Humans undergo lactic acid fermentation when the body needs a lot of energy in a hurry. When running at a sprint at full speed, the cells will only have enough ATP stored in them to last a few seconds. Once the stored ATP is used, the muscles will start producing ATP through lactic acid fermentation.
A stitch when running is caused by cramping happening as result of no oxygen left in the muscles and lactic acid builds up, with a need to increase the lactate threshold.
Uses of fermentation
The importance of fermentation is widely known in the brewing industry for alcohol production when yeast enzymes ferment sugar to produce alcohol and carbon dioxide.
Our favourite beer, is produced from the fermentation of the yeast Saccharomyces cerevisiae and the sugar in such as grapes, rice, grain, and berries.
Similarly, yogurt is produced by the bacteria Streptococcus lactis and Lactobacillus bulgaricus and acidophilus are used to ferment milk.
In bread-making (baking) a small amount of sugar and yeast is added to the batter of the bread. The sugar is fermented and carbon dioxide gas is formed by the yeast enzyme, with the carbon dioxide increasing the bulkiness and texture of the bread.
Sourdough bread is made by the fermentation of dough using naturally occurring lactobacilli and yeast.

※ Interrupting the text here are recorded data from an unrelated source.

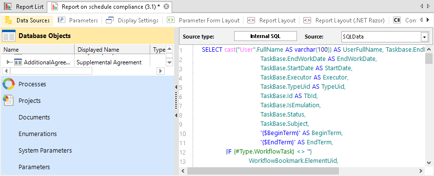In ELMA, you can create a report with several data sources. It allows displaying results of different requests in one report. You can use HQL and SQL requests in one report. All the data sources, available in one report are in the Source drop down field, at the top of the Data Sources tab.
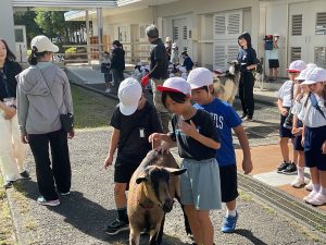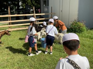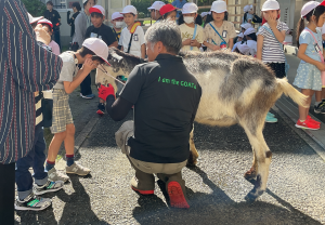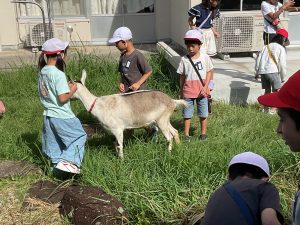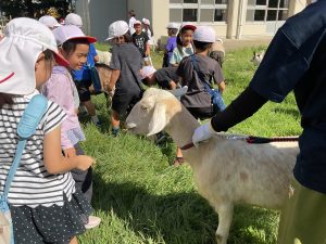 今週は、月曜日にやぎさんふれあいじゅぎょうがありました。児童たちは、「触りたい!」「えさ(草)をあげたい!」とやぎと積極的に関わる姿が見られました。また、やぎの心臓の音を聞いたり、えさをあげたりすることでこれからも動物に優しく接していきたいと考えることができる児童もいました。この活動を迎えるにあたって、動物アレルギーの確認及び、連絡ありがとうございました。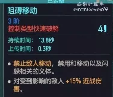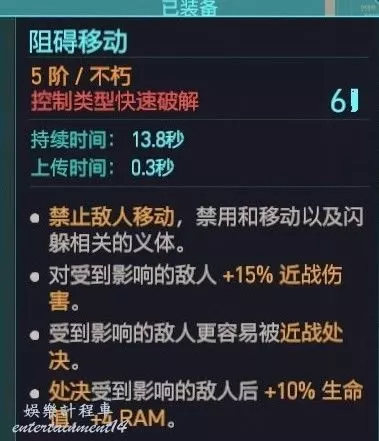 非常強大的控制破解,真正意義上的“控制”。阻礙移動能把敵人定在原地,並禁用閃避能力。除了徹底廢掉近戰能力之外,不能動的敵人還是個很好的靶子,能顯著提高命中和爆頭率。而面對大量的敵人,多個阻礙能把敵人分割,創造一對一的局面。而詞條增加的近戰傷害加成、處決血線提高和處決後回血回藍,對於近戰駭客來說都是非常有價值的。不玩近戰,單純需求控制能力的話,可以選擇RAM消耗更低的藍色阻礙。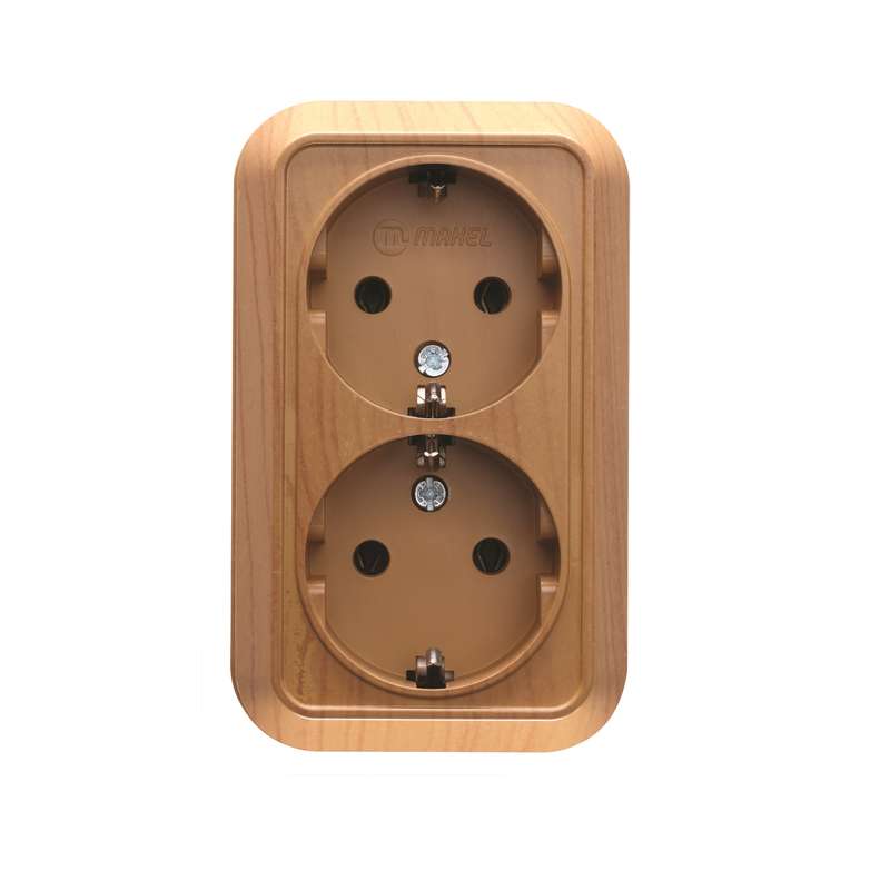 Розетка 2-м ОП 16А IP20 с заземл. дуб Makel 45382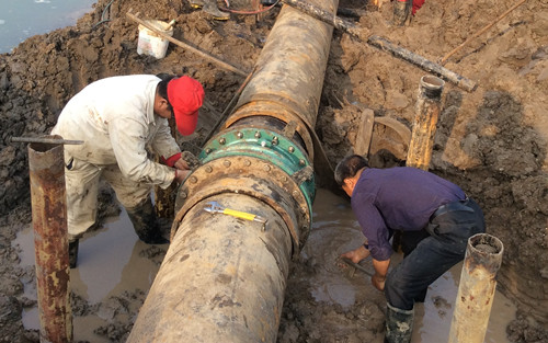 經實地勘查,因支撐土層被挖空后塌陷,造成近60米長的DN500供水主管分節脫落,真武鎮油田管轄區范圍大面積停水,幾萬群眾的正常生產、生活用水受到影響,情況十分緊急。區自來水公司協助油田水廠根據現場情況,以最大程度縮短搶修時間、及早恢復供水為目標,綜合分析比對各種施工方法,科學制定了維修方案,并協助安排接水點,供油田消防車應急送水。經過相關施工準備后,搶修人員按照既定方案,迅速投入維修作業,組織對脫落的管道進行退拔,采用平承平插工藝對脫落的供水管道進行重新定位、碰接。搶修人員頂著烈日連續作戰,于下午5:00左右順利完成施工,使當地供水得到及早恢復。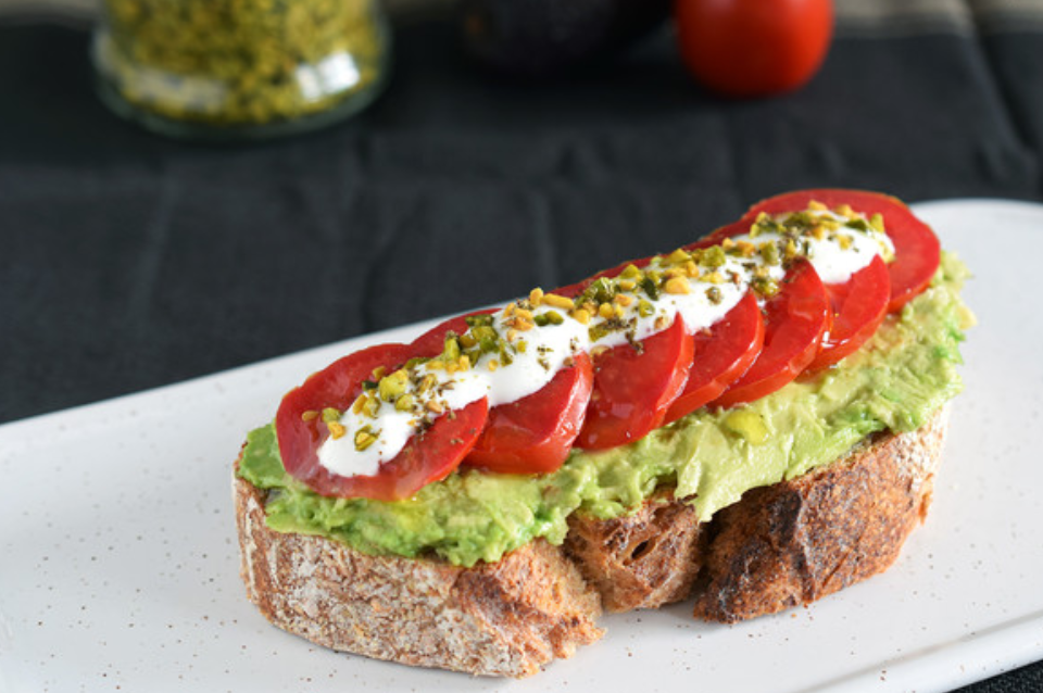 Preparación: Tostar las rebanadas de pan. Mientras tanto, machacar la palta con un tenedor y esparcirlo sobre las tostadas. Agregar rodajas de tomate, albahaca, un chorrito de aceite de oliva y sazonar con sal y pimienta.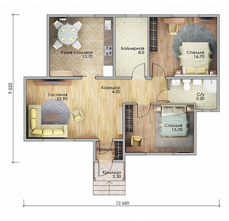 Наружные стены обеспечивают защиту от температурных перепадов, влаги и ветра. Базальтовый утеплитель и мембраны делают дом энергоэффективным. Внутренние перегородки с звукоизоляцией создают комфортную акустику.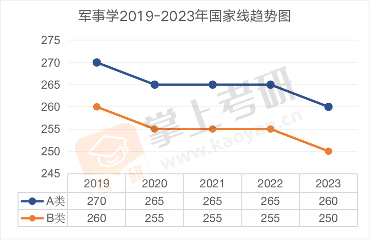 考研分数线|军事学2019-2023年国家线趋势图(学术学位)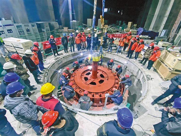 西藏湘河水利樞紐首臺機組轉子吊裝成功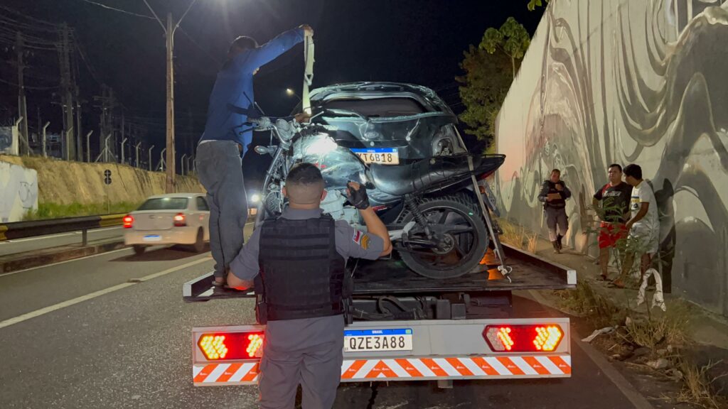 Manaus – Um grave acidente foi registrado na noite desta quinta-feira (15) em um trecho da avenida das Flores, ma zona Norte de Manaus. A colisão envolveu uma motocicleta e um veículo modelo Ford Ka.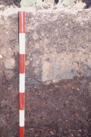 この断面は、前年に畑転換する際に大型プラウで深耕しており、38cmまでは泥炭を混入する粘土層で、38cm以下が完全な泥炭層となっています。客土後9年を経ていますが、洪積粘土を厚く客土したため、粘土層下部(18~38cm)はグライ化(青粘土)しており、表面排水がやや不良となっています。75cm深に湧水が見られます。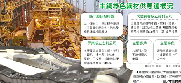中钢绿色钢材供应链概况 中钢热冲压部件已大量运用于汽车车体的保险杆、防撞梁、补强板等构件。图/中钢提供 中钢近来持续将节能减碳纳入中钢企业社会责任政策,更运用开放式创新,结合国内产学研界研发能量,致力高品级绿色钢材研发,并发展对应制造技术扩大绿色钢材使用,建构热冲压产业供应链,抢攻绿色商机。 中钢指出,钢铁产品可透过冶金设计及制程改善,不断地朝对环境有利方向精进品级,成为永续循环利用、用愈多愈环保的绿色材料。中钢强调,做为国内钢铁产业龙头,将持续扩大绿色钢材使用,发挥节能减碳重大贡献,包括热冲压汽车构件及BLDC马达等两项产业链的建立。 中钢表示,增加车体高强度钢材的使用量,可同时兼顾轻量化及安全性,已是世界各大车厂因应节能减碳采用的共同策略。在材料改成高强度钢时,如采传统冷冲压的加工制程,将遭遇不易加工与形状回弹等技术瓶颈,但热冲压成形技术,因可有效解决高强度钢材加工困难及成形回弹问题,热冲压部件已大量应用于汽车车体构件,如保险杆、防撞梁及补强板等。 而由于汽车热冲压零件使用比率持续增加,需求亦将快速成长,其市场发展潜力深受全球汽车产业关注。 中钢说,因热冲压设备投资成本高,加上无技术来源,以往国内业者及台商迟迟不敢投入开发;此项技术缺口除造成热冲压部件供应遭欧美厂商垄断,更大隐忧是台湾原先生产部品,也可能因无法供应热冲压部件而被进口KD件取代。 着眼于此,中钢于2011年12月推动筹组「热冲压研发联盟」,结合国内相关设备厂商及学研单位,合作进行技术开发,目前已建立完整热冲压技术。 此外,鉴于大陆深具热冲压汽车部件市场潜力,中钢于2014年1月与台商英利公司合作成立宏利汽车部件公司,分别于台湾屏东、中国长春同步建厂,并于2015年底完工投产。 该公司将台湾厂定位为营运总部、设计研发及制造中心,期能将核心技术根留台湾。中钢藉由热冲压关键技术开发,成功推动热冲压产业供应链建构,发挥产业凝聚效应,提升台湾汽车产业国际竞争力。

The lactic acid produced by the lactobacilli gives it a more sour taste and improved keeping qualities.
Using different types of the bacteria added to the fermentation process gives the desired flavour to the baked products, with for example Lactobacillus delbruckii helping in the fermentation to produce rye bread.
Chocolate lovers might not recognize what this ancient food has in common with kimchi and kombucha – the flavour is due to fermentation. That familiar chocolate taste is thanks to tiny microorganisms that help transform chocolate’s raw ingredients into the much-beloved rich, complex final product.
It’s thanks to the magic of microbes developed over centuries that chocolate and our other favourite food and drink is available to us in modern times!